Abstract

To biomechanically compare the contact area, contact pressures, and peak forces of primary labral repair versus labral reconstruction. A cadaveric study was performed using 8 frozen hemi-pelvises with cam-type deformities (alpha angle >55°) with an intact labrum. Intraarticular pressure maps were produced for each specimen under the following conditions: 1) intact labrum, 2) labral repair, and 3) labral reconstruction using iliotibial band (ITB) allograft. Specimens were examined at neutral, 20° of extension and 60° of flexion to simulate the complete arc of the natural hip range of motion during normal gait on a level surface and during stair climbing. Each specimen was placed in a custom-designed jig in the MTS electromechanical test system to create pressure and area map measurements. In each condition, contact pressure, contact area, and peak force within a region-of-interest (ROI) were obtained. Repeated measures ANOVA was used to identify differences in biomechanical parameters among the three conditions with post-hoc analysis using pairwise comparison with Bonferroni correction to analyze the differences within each condition. Analysis of contact pressures between labral repair and labral reconstruction were normalized to the pressures measured in the intact labrum. Repeated measures ANOVA for contact area in neutral, extension, and flexion demonstrated statistically significant differences between study states (p<0.05).

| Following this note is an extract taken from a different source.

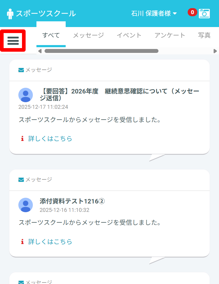 通常の出欠連絡方法については、下記の記事をご確認ください。

Post-hoc analysis for each consistently demonstrated significantly larger contact areas measured in labral repair specimens compared labral reconstruction specimens. In addition, paired-T test analysis demonstrated significantly higher contact areas (33.3+-7.9 vs 27.4+-6.9; p=0.009) and significantly lower contact pressures (2.5+-0.3 vs 2.7+-0.4; p=0.038) in labral repair specimens compared to labral reconstruction specimens. Finally, there was no statistically significant difference in peak forces measured between specimens (p<0.05 for all). Primary labral repair may result in lower intra-articular hip contact pressures and higher contact area compared to primary complete labral reconstruction.